Although there can be many benefits to selling or partnering an IRU, as with any business transaction, there are also some drawbacks. For an acute care provider, a key downside can be the loss of control. The acute care provider would lose the ability to flex its bed use if the inpatient rehabilitation beds were sold or contributed to a joint venture. The ability to flex beds became an important capability during the COVID-19 outbreak in the US. Additionally, under a joint venture partnership, the acute care provider opens itself up to reputation risk since control and management of the IRU is entrusted to a third party. Through a sale or partnership, the acute care provider sells forward profits, and the host hospital needs to account for the overhead expenses that were historically allocated to the IRU.


In summary, many acute care providers should ask, “Are they generating the most value from their IRU as they could or should?” A sale or partnership of the IRF could add value to the health system beyond the initial cash flow from a transaction. The relationship between an acute care host hospital and the IRF is considered a referral relationship with Medicare patients. Therefore, whether through a sale or contribution, healthcare transactions must be properly established at fair market value. Based on VMG Health’s experience with hundreds of IRF transactions, the departmental operational reports never represent IRF’s real economic impact on the host hospital. As many IRUs operate as departments of hospitals and utilize allocated cost methodologies, it can be a highly technical undertaking to assess the profitability and overall value of an IRU. Specific knowledge and insight into key industry value drivers, such as reimbursement/payor mix, staffing metrics, unit size/bed configuration, and utilization, should be considered.
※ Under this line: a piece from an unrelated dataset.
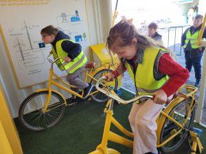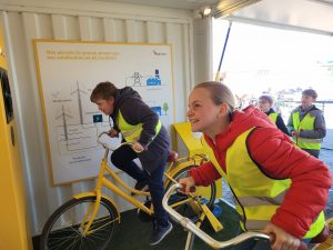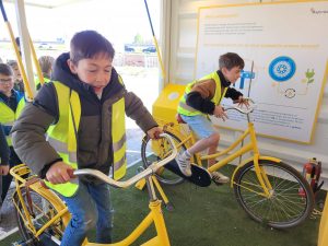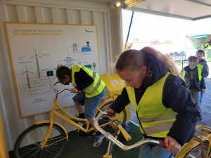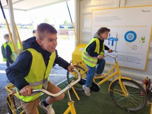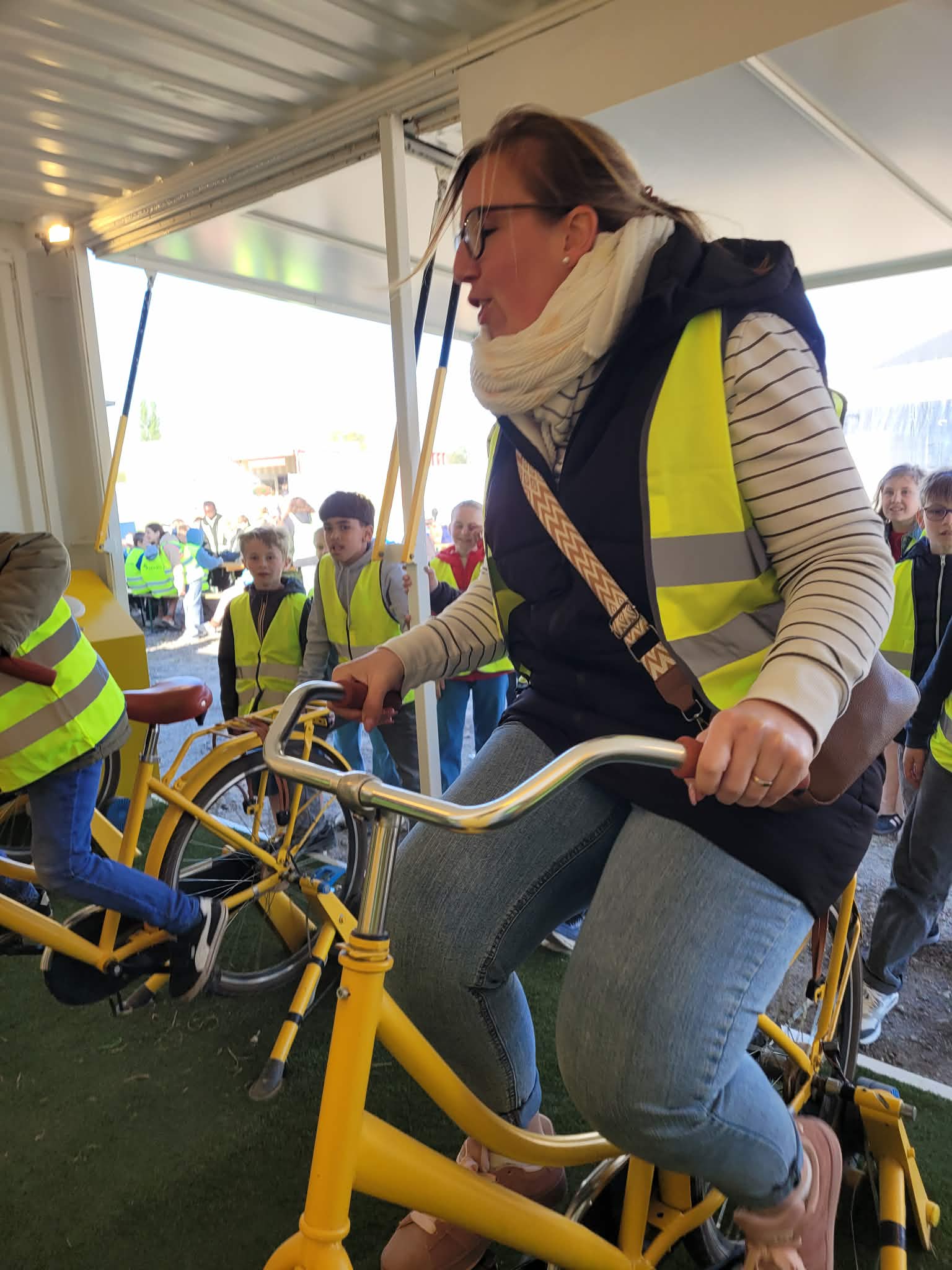 De juf trok heel wat foto’s… maar toen ze zelf op de fiets sprong om energie op te wekken, kregen de leerlingen plots de camera in handen… 😅📸 Oh jeetje!

A credible valuation with access to a detailed national IRF benchmark analysis9 for revenue and expenses can help ensure a successful transaction.
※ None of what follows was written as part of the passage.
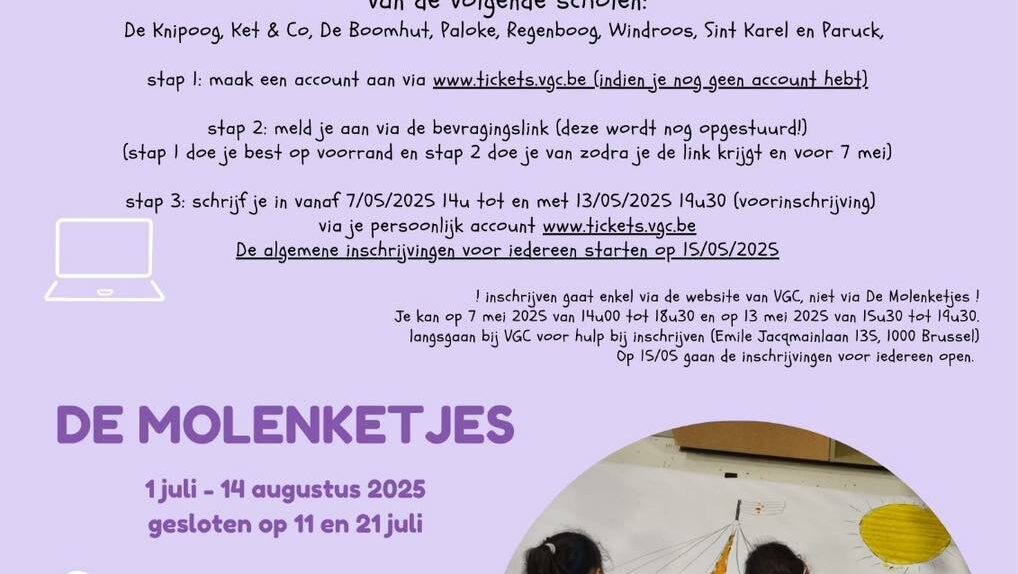 Tijdens de zomervakantie van 2025 organiseren De Molenketjes in samenwerking met de VGC Speelpleinen opnieuw speelpleinen op de locaties Ket & Co en De Knipoog.

To provide some IRF value perspective, VMG Health has observed IRF transactions per occupied bed as high as $800,000, with common value ranges per licensed bed between $200,000 and $400,000, and revenue multiples typically falling in the 0.8–1.4x range. This year might be a great time to ask, “Is your IRU generating the value your patients have come to expect, supporting your healthcare strategy, and adding value to your bottom line?”


[1] MedPac 2022 Report (

[2] Medicare population projected at 5% annually over the next several years.
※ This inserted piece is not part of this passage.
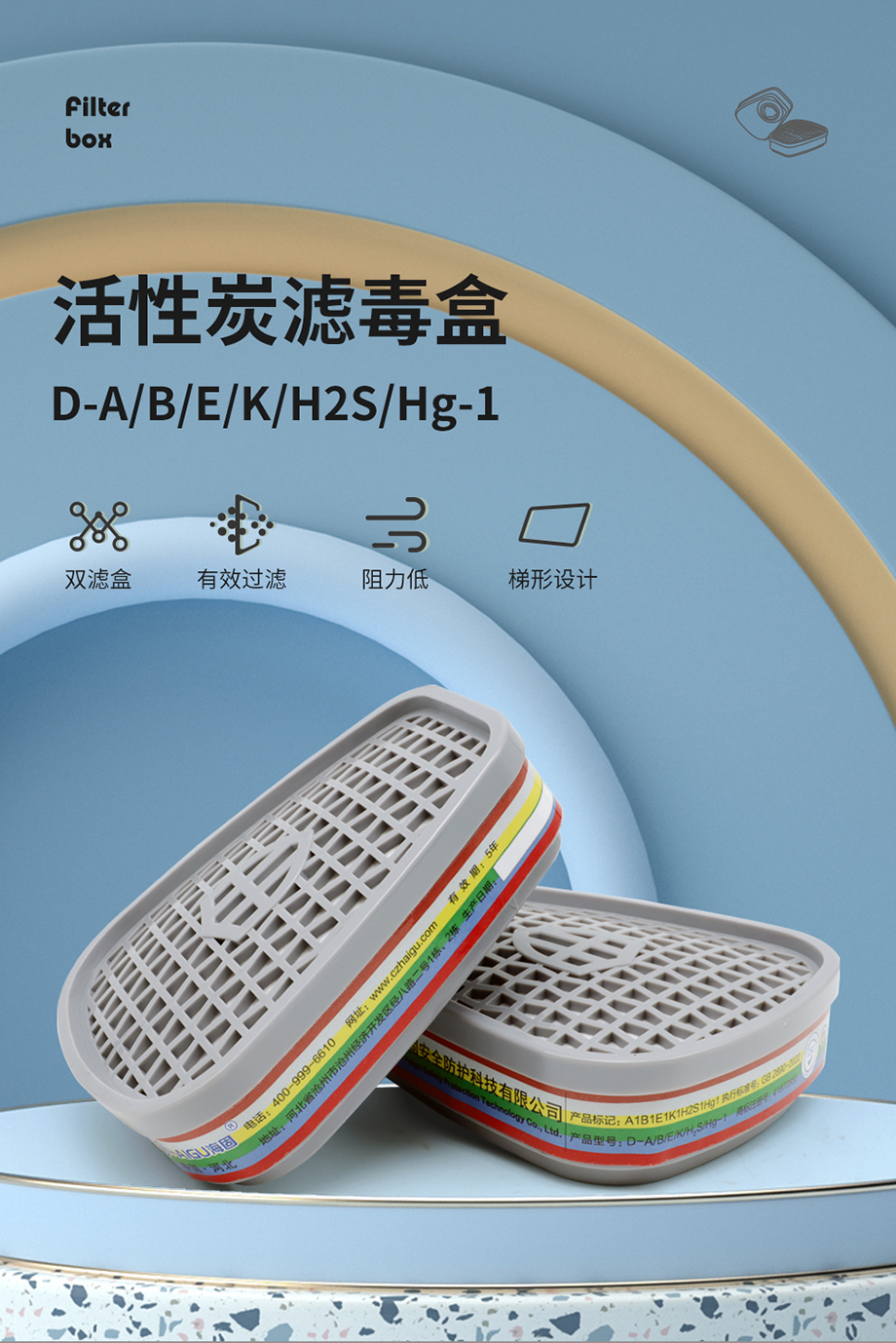 海固多功能D-A/B/E/K/H2S-Hg-1濾毒盒 有機無機氣體、酸性氣體、氨氣、硫化氫、汞等多種氣體防護

[3] Census projections for 2018 to 2022 and 2022 to 2026.

[4] Encompass Health Investor Reference Book

[5] Irvin Levin’s 4th Quarter 2020 M&A Report

[6] Baird 2020 Global Healthcare Conference

[7] Kindred Healthcare December 1, 2020 Press Release (

[8] Medicare reimbursement per episode of care for inpatient rehabilitation is generally higher as compared to other post-acute facilities because IRFs are designed to offer intensive rehabilitation services to patients that cannot be served in other less intensive rehabilitation settings, such as skilled nursing facilities or home health. Due to the higher reimbursement, CMS became concerned that patients who did not require intensive rehabilitation services were being treated in an IRF setting. Therefore, CMS implemented the 75% rule which required that 75% of patients admitted to an IRF have a primary diagnosis or comorbidity in one of the 13 qualifying medical conditions listed in the table below. After implementing, Medicare adjusted the 75% rule to a new compliance threshold of 60% by the Medicare, Medicaid, and SCHIP Extension Act of 2007 (“MMSEA”). In addition, MMSEA also permitted IRFs to use patient’s secondary medical conditions & comorbidities to determine whether a patient qualifies for inpatient rehabilitative care. The legislation is referred to as the “60% Rule.”

[9] In addition to the 60% rule, to be eligible for payment as an IRF under CMS, patients must attend three hours of therapy in 5 of 7 consecutive days.

[10] VMG Health’s proprietary inpatient rehabilitation database includes 20 years of inpatient rehabilitation analyses with over 100 IRF transactions.